Jen Krueger: The Digital Divide – Reading Comics on My iPad
As someone who has more books than room on my bookshelves to accommodate them, an obsessive collector of cool artifacts of things I love, and a completionist in almost all regards, I don’t think I surprise anyone by saying I love comics. But I have definitely noticed confused head quirks when I admit that when it comes to the question of physical copies versus digital versions, I prefer to read comics on my iPad.
I should preface my preference for comics on a screen by saying this: I hate reading books digitally. On a purely aesthetic level, the size, weight, and smell of a book have always been an integral part of the reading process for me, so an e-book has just never been able to command my focus the same way a physical book does. A progress bar at the bottom of my screen somehow doesn’t give me the same sense of how much is behind and ahead of me that a bookmark in real pages does, and the pagination in general in e-books has always seemed off to me. Hand me an 800 page hardcover novel and I have, with a very small margin for error, a clear idea of the scale of what I’m diving into.

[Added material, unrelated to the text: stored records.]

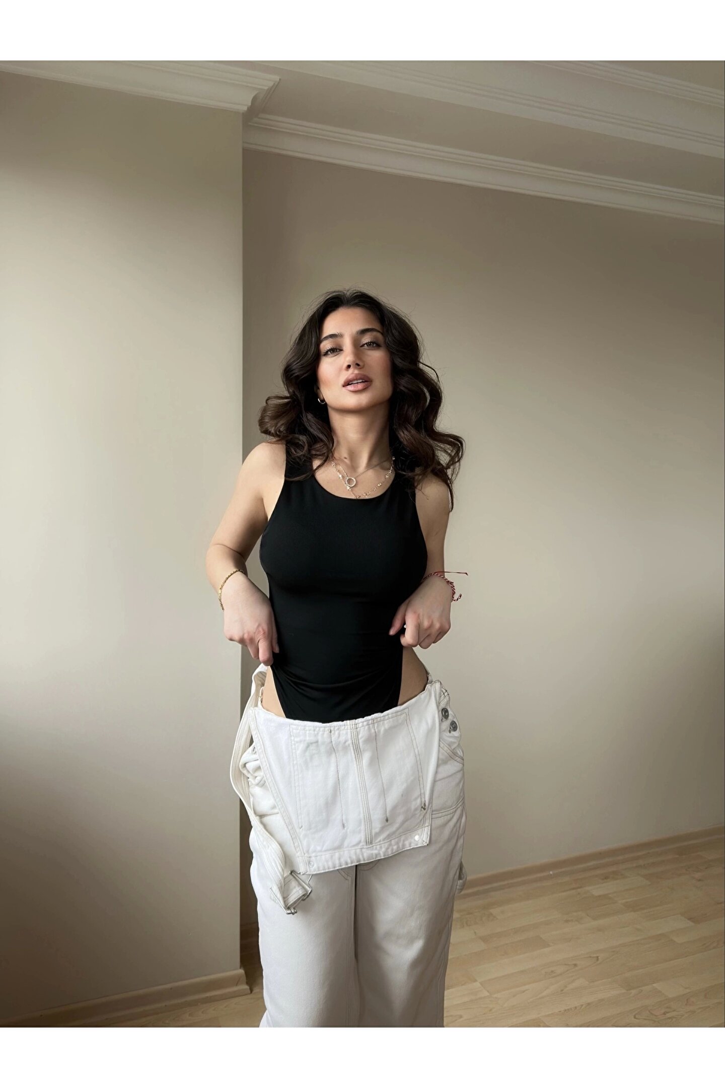 KarşıVitrin Halter Yaka Siyah Bodysuit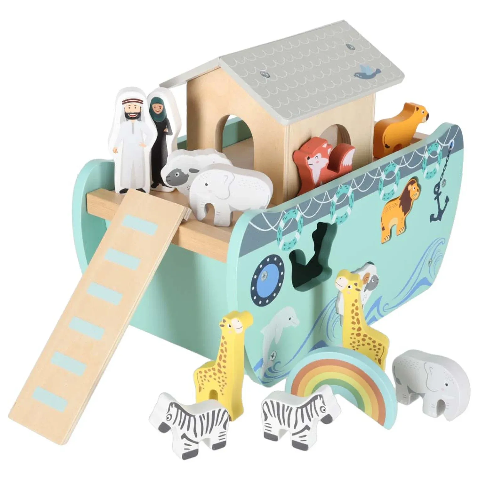 U setu se nalaze pažljivo izrađene figurice životinja. Svaka životinja dolazi u paru, što prati originalnu priču o spašavanju životinja. U setu su zebre, žirafe, slonovi, ovce, lavovi i lisice. Figurice Noe i njegove žene dodaju mogućnost igranja uloga i stvaranja vlastitih priča.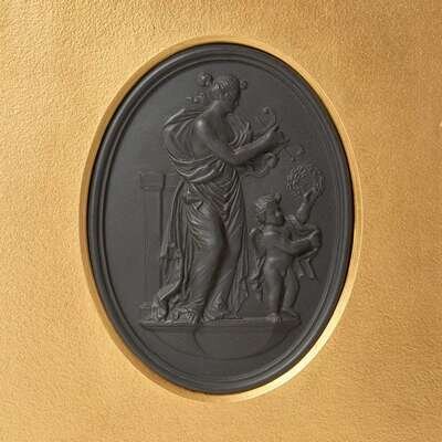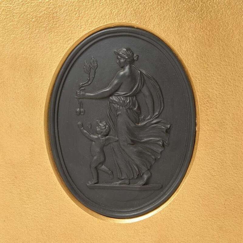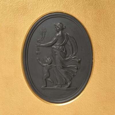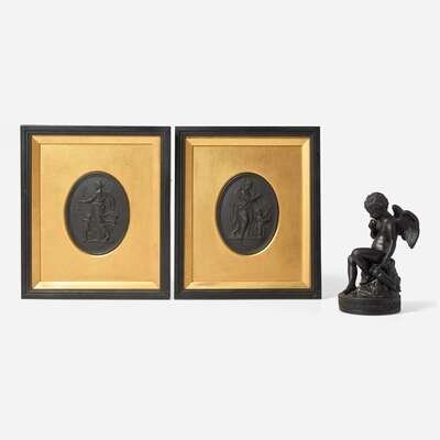 Comprising two oval plaques, depicting Venus and Cupid, both marked to back, "WEDGWOOD," and a small sculpure of Cupid, impressed to back, "CUPID," and marked, "WEDGWOOD."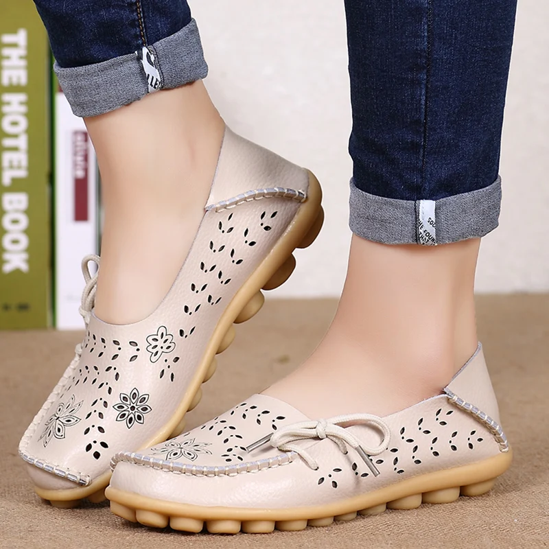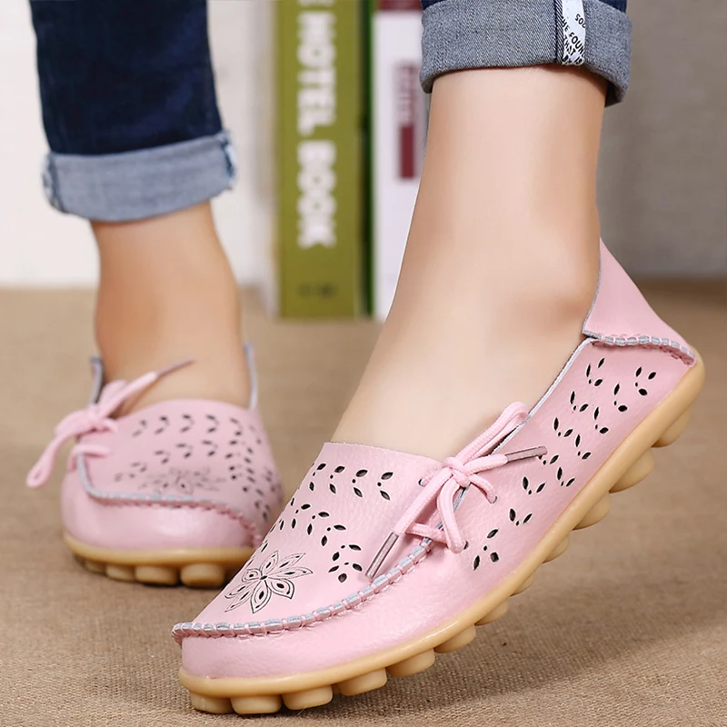Women Ballet Shoes Flats Cut Out Leather Breathbale Moccains Women Boat Shoes Ballerina Ladies Shoes :Click Here

In an e-book, the same text seems like it could take up anywhere from 800 to 2000 pages depending on the way it’s formatted.
But the biggest reason I’ve never been able to embrace e-books with gusto is that reducing a book to a file that looks like almost all other e-books takes away an individual book’s character. Hand me an iPad or Kindle and give me a quick glance at a few pages from any two e-books, and I probably won’t be able to easily distinguish them by their author or what work they’re from. Hand me two physical books and give me a quick glance at a few pages from each, and I’m exponentially more likely to be able to not only identify them, but also get a sense of what each book is like. Handing me a physical book is handing me a whole and unique package, and while there’s something tempting about being able to carry around hundreds of texts in one relatively small device, I’d rather sacrifice the space in my bag for fewer works that retain the character of their physical forms.
So if I’m so gung-ho about preserving the character of a book by only reading the physical version of it, why am I okay with filling my iPad with comics? Because the character of a comic is so bold and evident on every page that I don’t feel like I’m losing things in the digital translation. Look at a single digital page from any comic and you’re likely to be able to tell a lot about the work, and the sense of the comic’s character you get by doing that is much more in line with what you’d get from doing the same thing with a physical copy. That makes the big con of e-books moot for me, but this isn’t the only reason I lean toward my iPad when it comes to reading comics. In fact, this con made moot takes a significant backseat to a pro of e-books being made even better when applied to digital comics: I can take hundreds of them with me in one relatively small device.
While I can get by only having a couple books on me at a time, my habit of binge reading means I’d be carrying around an awful lot of trades if I only read physical comics. And since my preference for digital comics doesn’t mean I dislike physical ones, I’ve definitely carried around trades with me before. It takes so much less time for me to burn through a whole trade than it does a whole novel that the benefit of having 5 trades’ worth of comics on my iPad is evident in and of itself, but the volume of comics I’d need to have on me when reading a series isn’t the only problem I found with trying to read the physical versions.
The durability of physical comics, or more accurately the lack of it, is the last big factor in my preference for digital ones. Most trades are an awkward size to fit into the kind of bag I carry with me everyday, and though their size is more amenable to the backpack I take when traveling, they’re often not sturdy enough to stand up to being jostled around amongst the devices and travel paraphernalia I cram into my backpack in preparation for a trip. Where a hardback novel has the heft to take sharing space with a hard-sided headphone case while getting shoved under an airplane seat, and a paperback novel is compact enough to perch in the smaller space on top of the other things in my backpack, I’ve found my trade comic books just large yet just malleable enough to take a beating every time I pack them no matter how careful I am with the bag. But an iPad full of Locke & Key means an entire flight’s worth of reading without giving up the space the physical versions would take up, or the inevitable bummer of seeing them worse for the wear when I get to my destination. So while I’d certainly never turn my nose up if offered a physical trade of a comic, I’ll opt for the digital version if given the choice. Unless the trade is signed or some kind of special, limited edition, of course. That would make it a cool artifact, and I’m still an obsessive collector, after all.